→ Task objective:
In the material below, pictures must be dropped. Repeat exactly, and only, the lines from the line with "첨두일 이용객수 | ||" to the line with "The majority of", both ends included.

** Opening Records provided block **

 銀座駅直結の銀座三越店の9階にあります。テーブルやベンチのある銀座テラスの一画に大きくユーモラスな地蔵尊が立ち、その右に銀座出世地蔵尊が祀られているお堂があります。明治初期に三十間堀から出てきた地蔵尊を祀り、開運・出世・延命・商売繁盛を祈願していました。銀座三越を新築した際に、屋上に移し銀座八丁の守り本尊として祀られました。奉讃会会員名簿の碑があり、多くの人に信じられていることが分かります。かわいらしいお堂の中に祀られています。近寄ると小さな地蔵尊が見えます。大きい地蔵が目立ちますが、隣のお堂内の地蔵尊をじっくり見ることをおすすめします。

** Closing Records provided block **
** Opening Records provided block **

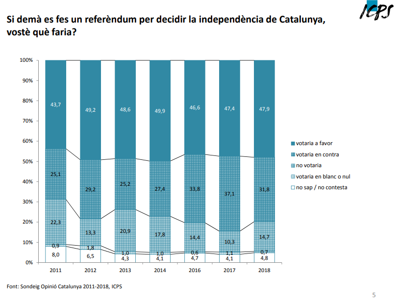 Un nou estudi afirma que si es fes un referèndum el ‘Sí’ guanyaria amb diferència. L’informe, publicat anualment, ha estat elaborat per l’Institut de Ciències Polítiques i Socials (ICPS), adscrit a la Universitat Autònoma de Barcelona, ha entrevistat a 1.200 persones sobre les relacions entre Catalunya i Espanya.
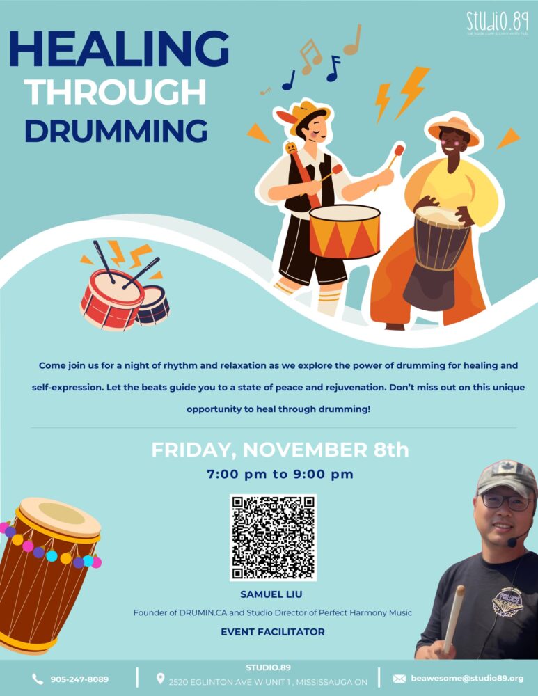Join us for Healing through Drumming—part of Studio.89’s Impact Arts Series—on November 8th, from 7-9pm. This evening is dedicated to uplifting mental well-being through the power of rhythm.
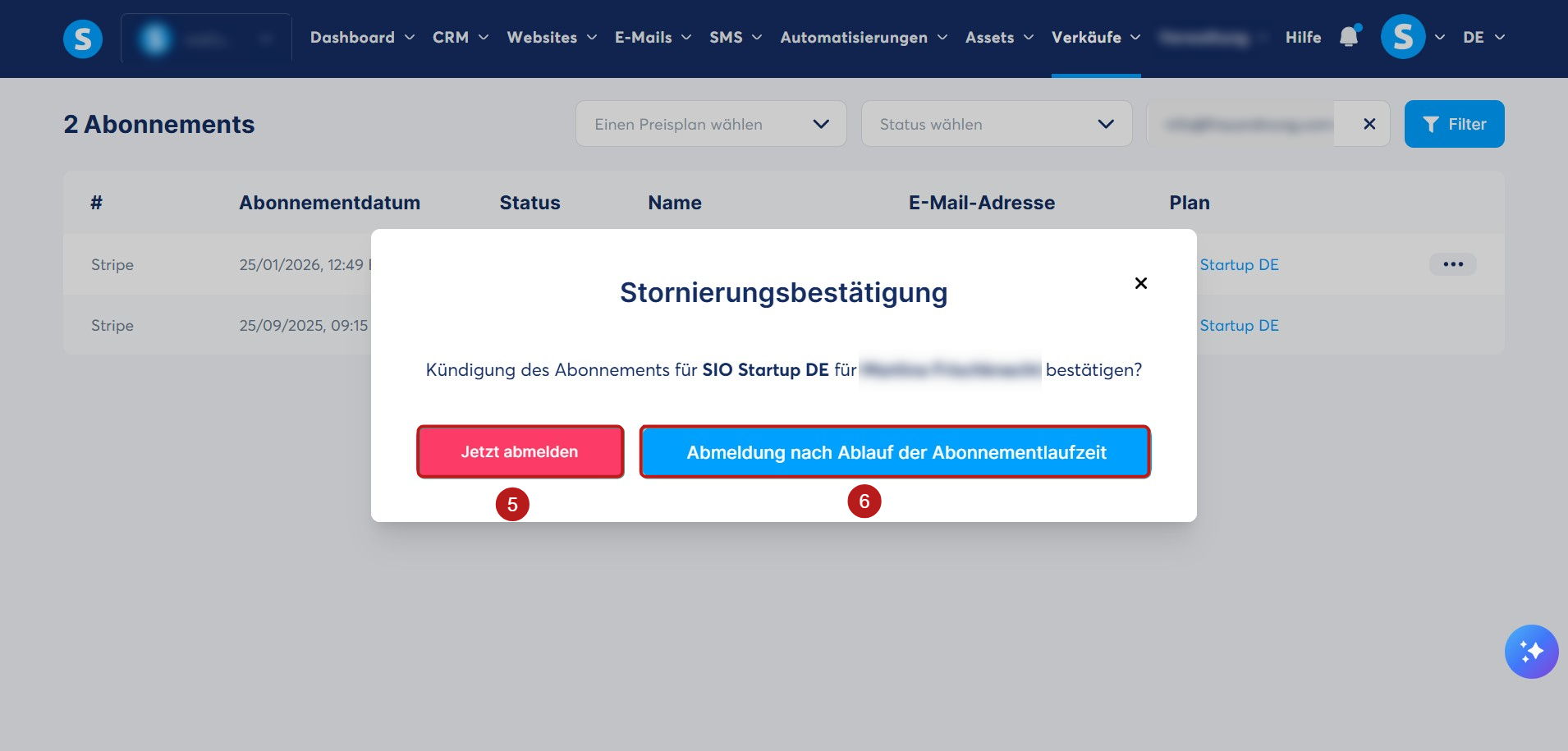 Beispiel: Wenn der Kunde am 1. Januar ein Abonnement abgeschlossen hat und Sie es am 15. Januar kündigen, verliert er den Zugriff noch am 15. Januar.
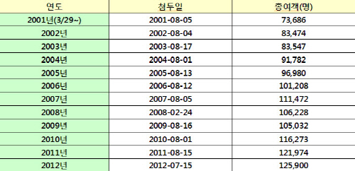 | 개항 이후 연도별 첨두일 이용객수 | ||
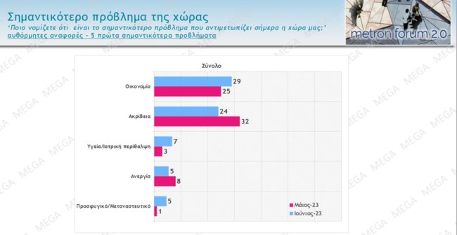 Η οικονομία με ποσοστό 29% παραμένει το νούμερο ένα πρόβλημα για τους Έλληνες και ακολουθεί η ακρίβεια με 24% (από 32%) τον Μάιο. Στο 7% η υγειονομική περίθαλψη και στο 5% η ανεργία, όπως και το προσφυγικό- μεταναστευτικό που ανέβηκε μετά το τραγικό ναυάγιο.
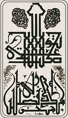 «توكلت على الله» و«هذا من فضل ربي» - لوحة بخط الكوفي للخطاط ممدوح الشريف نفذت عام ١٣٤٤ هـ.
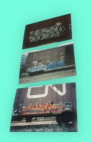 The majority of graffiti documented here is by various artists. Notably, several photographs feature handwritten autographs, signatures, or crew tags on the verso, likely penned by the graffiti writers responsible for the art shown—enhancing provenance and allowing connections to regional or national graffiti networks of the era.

** Closing Records provided block **
** Opening Records provided block **

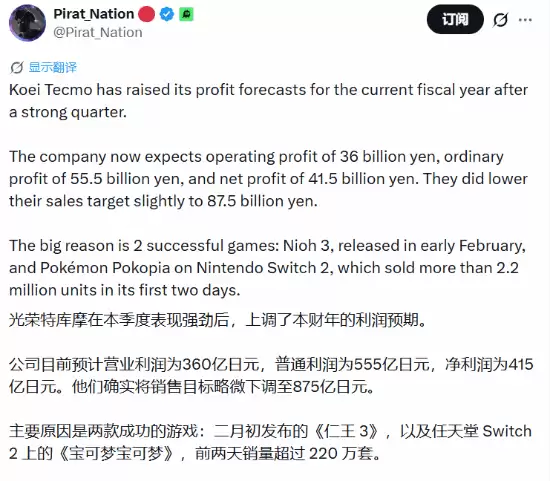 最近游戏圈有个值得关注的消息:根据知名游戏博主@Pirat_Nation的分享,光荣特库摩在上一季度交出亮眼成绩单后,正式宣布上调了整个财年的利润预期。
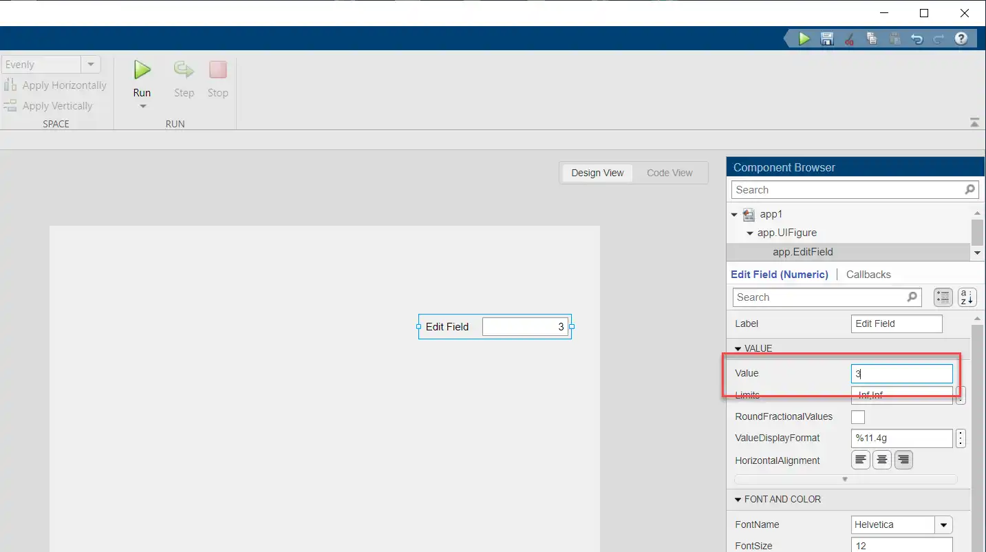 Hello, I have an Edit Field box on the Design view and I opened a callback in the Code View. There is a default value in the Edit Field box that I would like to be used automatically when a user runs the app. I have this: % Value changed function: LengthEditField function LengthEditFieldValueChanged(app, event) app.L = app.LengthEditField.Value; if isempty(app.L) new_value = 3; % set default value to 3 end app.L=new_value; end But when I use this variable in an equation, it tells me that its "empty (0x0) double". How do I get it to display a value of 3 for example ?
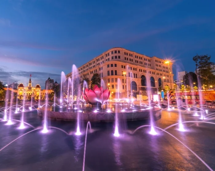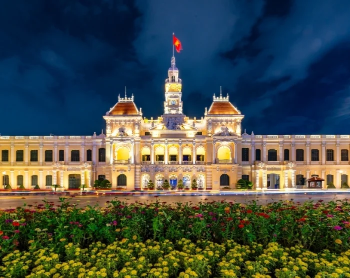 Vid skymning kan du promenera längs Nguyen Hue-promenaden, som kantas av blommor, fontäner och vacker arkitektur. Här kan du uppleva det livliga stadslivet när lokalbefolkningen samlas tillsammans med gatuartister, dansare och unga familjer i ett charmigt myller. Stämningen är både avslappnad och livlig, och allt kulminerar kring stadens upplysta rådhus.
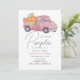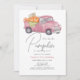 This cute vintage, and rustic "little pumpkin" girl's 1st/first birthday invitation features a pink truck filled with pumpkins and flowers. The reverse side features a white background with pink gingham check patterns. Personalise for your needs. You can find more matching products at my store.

** Closing Records provided block **

→ Response:
 | 개항 이후 연도별 첨두일 이용객수 | ||
 Η οικονομία με ποσοστό 29% παραμένει το νούμερο ένα πρόβλημα για τους Έλληνες και ακολουθεί η ακρίβεια με 24% (από 32%) τον Μάιο. Στο 7% η υγειονομική περίθαλψη και στο 5% η ανεργία, όπως και το προσφυγικό- μεταναστευτικό που ανέβηκε μετά το τραγικό ναυάγιο.
 «توكلت على الله» و«هذا من فضل ربي» - لوحة بخط الكوفي للخطاط ممدوح الشريف نفذت عام ١٣٤٤ هـ.
 The majority of graffiti documented here is by various artists. Notably, several photographs feature handwritten autographs, signatures, or crew tags on the verso, likely penned by the graffiti writers responsible for the art shown—enhancing provenance and allowing connections to regional or national graffiti networks of the era.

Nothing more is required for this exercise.